• _Task instructions_: All of the data that follows should be given again exactly, without its images.

• _Provided data_:
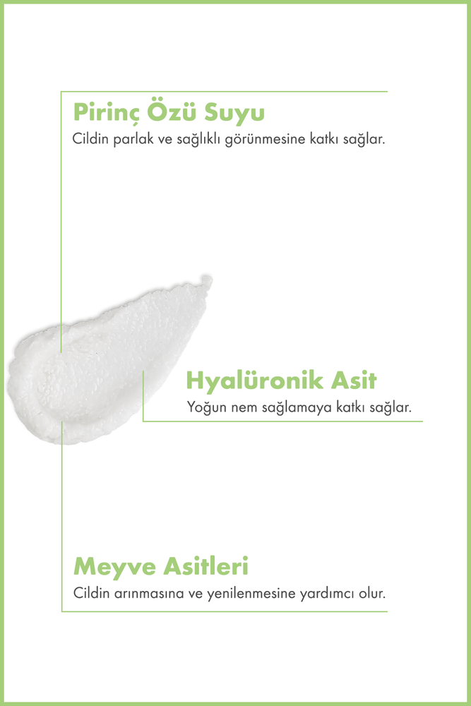 Öne Çıkan İçerikler: Pirinç Suyu, Hyalüronik Asit, Shea Yağı, Salatalık Özü
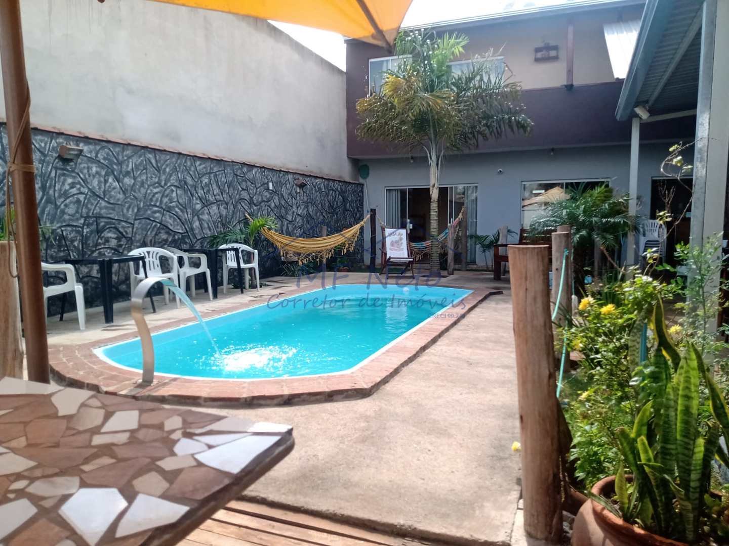 Residência de lazer ou residência de dois andares: No térreo, há um dormitório com porta blindex que proporciona acesso direto à piscina, um banheiro e uma área integrada de sala e cozinha com porta blindex, além de uma lavanderia coberta. No andar superior, encontra-se um dormitório com porta blindex e acesso à varanda, um banheiro, uma área combinada de sala e cozinha com porta blindex, lavanderia interna, espaço para churrasco, piscina e duas vagas de garagem. Permuta parcial aceita apenas por terrenos localizados no Alto das Árvores.
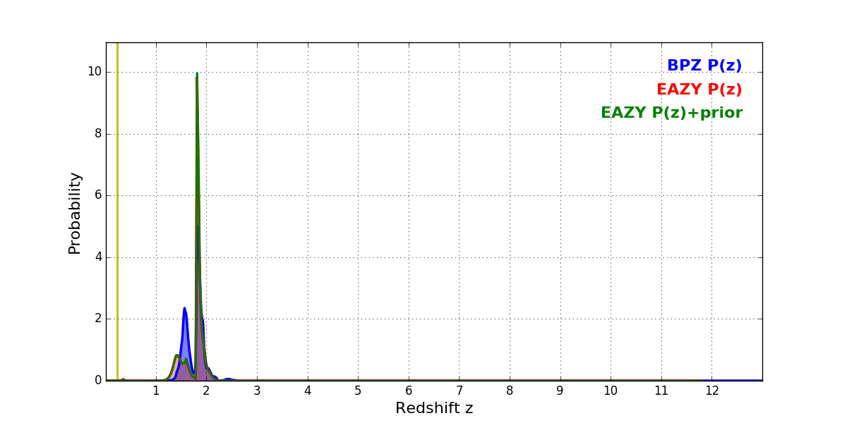 In P(z) plots: Yellow lines mark the cluster redshift z = 0.228,

• _Answer box_:
 Öne Çıkan İçerikler: Pirinç Suyu, Hyalüronik Asit, Shea Yağı, Salatalık Özü
 Residência de lazer ou residência de dois andares: No térreo, há um dormitório com porta blindex que proporciona acesso direto à piscina, um banheiro e uma área integrada de sala e cozinha com porta blindex, além de uma lavanderia coberta. No andar superior, encontra-se um dormitório com porta blindex e acesso à varanda, um banheiro, uma área combinada de sala e cozinha com porta blindex, lavanderia interna, espaço para churrasco, piscina e duas vagas de garagem. Permuta parcial aceita apenas por terrenos localizados no Alto das Árvores.
 In P(z) plots: Yellow lines mark the cluster redshift z = 0.228,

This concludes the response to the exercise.